Let $R$ be a commutative Noetherian ring, $\mathfrak{a}$ an ideal of $R$, and $M,N$ two finitely generated $R$-modules. Let $t$ be a non-negative integer. It is shown that for any finitely generated $R$-module $L$ with $\mathrm{Supp}(L)\subseteq \mathrm{Supp}(M)$, the following statements hold:

(i) $\mathrm{Supp}({\mathrm{Ext}}_R^t(L;N))\subseteq {\cup }_{i=0}^t\mathrm{Supp}({\mathrm{Ext}}_R^i(M;N))$;

(ii) $\mathrm{Ass}({\mathrm{Ext}}_R^t(L;N))\subseteq \mathrm{Ass}({\mathrm{Ext}}_R^t(M;N))\cup ({\cup }_{i=0}^{t-1}\mathrm{Supp}({\mathrm{Ext}}_R^i(M;N)))$.

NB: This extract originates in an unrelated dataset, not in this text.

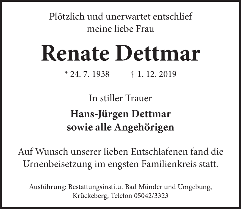 Hier finden Sie alle Traueranzeigen aus der Zeitung, die bisher für Renate Dettmar erschienen sind. Weitere Traueranzeigen, die in der Zeitung erscheinen, werden hier ebenfalls aufgelistet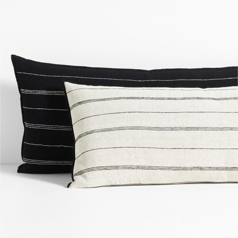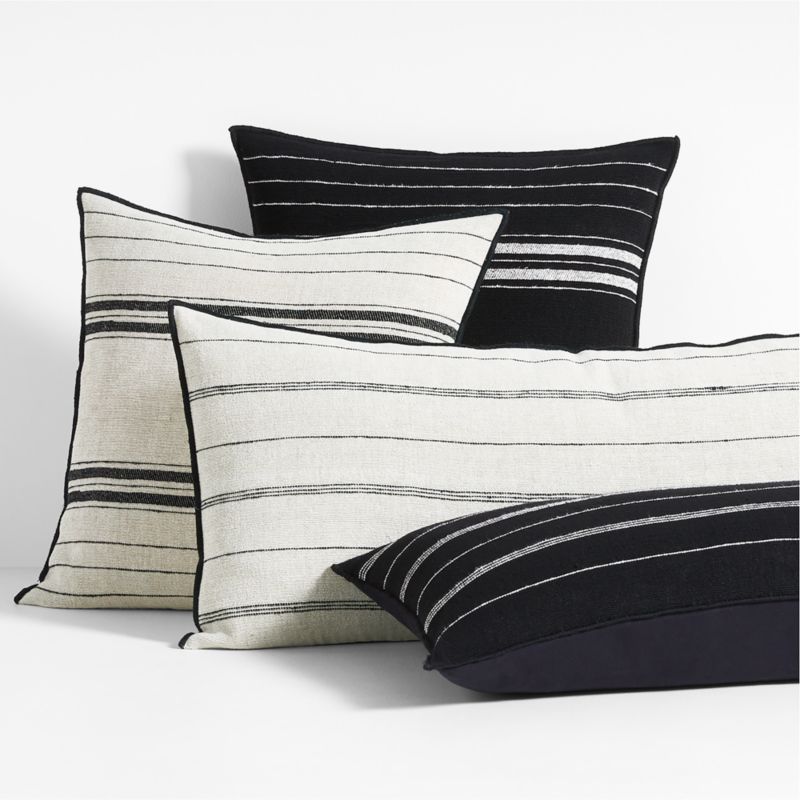 Our Chatou pillow cover updates classic ticking stripes for a chic and casual look in black on off-white. A blend of linen and organic cotton, the fabric's tactile, homespun weave contrasts with the crisp merrow-stitched edging. Chatou brings pattern and texture to your sofa, armchair or bed, pairing effortlessly with our ivory and ink black bedding collections. Fill our exclusive lumbar throw pillow cover with a plush feather insert sold separately.

As an immediate consequence, we deduce that if $\mathrm{Supp}(H_{\mathfrak{a}}^i(N))$ or $\mathrm{Supp}(H_{\mathfrak{a}}^i(M;N))$ is finite for all $i<t$, then the set ${\cup }_{n\in \mathbb{N}}\mathrm{Ass}({\mathrm{Ext}}_R^t(M/{\mathfrak{a}}^{n}M,N))$ is finite. In particular, if $\mathrm{grade}(\mathfrak{a},N)⩾t$ then the set  $\mathrm{Ass}({\mathrm{Ext}}_R^t(M/{\mathfrak{a}}^{n}M,N))$ is finite.